This Amendment No. 2 (this “Amendment”) to Schedule 13D amends the Schedule 13D (as previously amended, the “Schedule 13D”) filed by (i) Deerfield Mgmt, L.P. (“Deerfield Mgmt”), (ii) Deerfield Management Company, L.P. (“Deerfield Management”), (iii) Deerfield Partners, L.P. (“Deerfield Partners”), (iv) Deerfield International Master Fund, L.P. (“DIMF” and, together with Deerfield Partners, collectively referred to herein as the “Funds”) and (v) James E. Flynn, a natural person (“Flynn” and, collectively with Deerfield Mgmt, Deerfield Management, Deerfield Partners, and DIMF, the “Reporting Persons”), with respect to the securities of Adeptus Health Inc. (the “Company”), on September 19, 2016, as amended by Amendment No. 1 thereto, filed by the Reporting Persons on February 6, 2017.
Capitalized terms used herein but not otherwise defined herein shall have the meanings ascribed to them in the Schedule 13D.

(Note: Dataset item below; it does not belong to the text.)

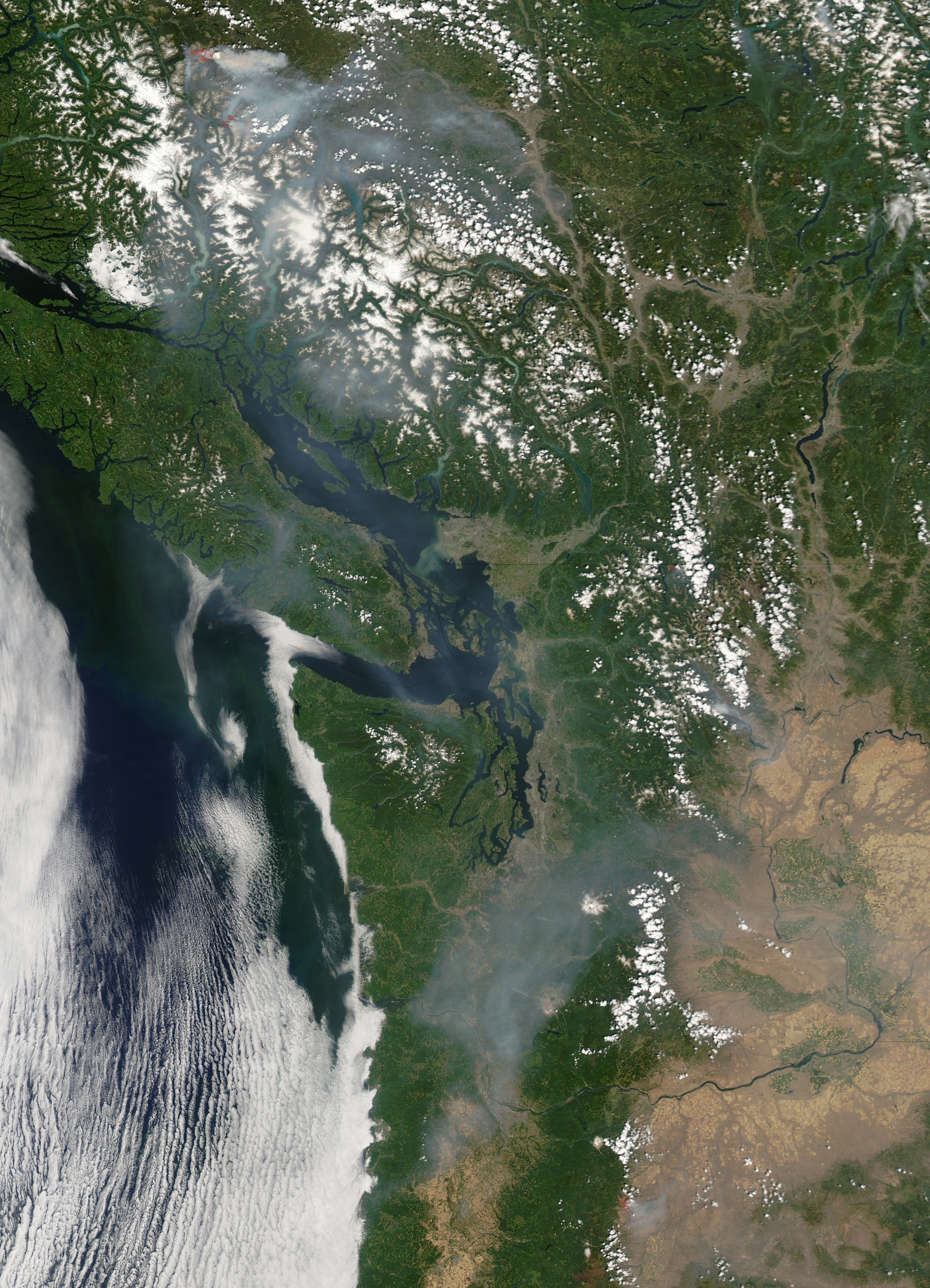A large fire in western British Columbia was spilling smoke down over the glacier-covered slopes of the Coast Range Mountains on July 28, 2004. In the deeply carved valleys between the white-capped peaks, turquoise rivers thick with finely ground glacial sediment flow out to the Pacific Ocean through the narrow gap between Vancouver Island (bottom left) and mainland Canada. The Moderate Resolution Imaging Spectroradiometer (MODIS) on NASA’s Aqua satellite captured this image, and the places where the sensor detected actively burning fires are outlined in red.

Item 4. Purpose of Transaction.
Item 4 of the Schedule 13D is hereby supplemented and amended by adding the following:
As previously reported by the Reporting Persons, the Reporting Persons have been evaluating and have engaged in discussions regarding a potential investment in the Company. As previously disclosed by the Company, on March 7, 2017 the Company and certain of its subsidiaries obtained bridge financing capital from certain of its existing senior lenders. That bridge financing matured unpaid on March 31, 2017. On April 3, 2017, the Reporting Persons and certain of their affiliates acquired the entire $212.7 million senior debt position, including the bridge loan debt, and are engaging in discussions with the Company and certain of its creditors (including MPT Operating Partnership, L.P. with which the Reporting Persons have entered into an agreement in principle regarding master lease facilities) regarding a potential transaction in which the Funds would provide further bridge and debtor-in-possession financing to the Company, in connection with a court-supervised restructuring of the Company, its debt and outstanding securities, with an ultimate goal on the part of the Reporting Persons of obtaining control of the Company or key assets thereof, and, following consummation of such series of transactions, operating the company or such assets. There can be no assurance that such discussions will result in consummation of such transactions or, if consummated, as to the terms or structure of any such transactions.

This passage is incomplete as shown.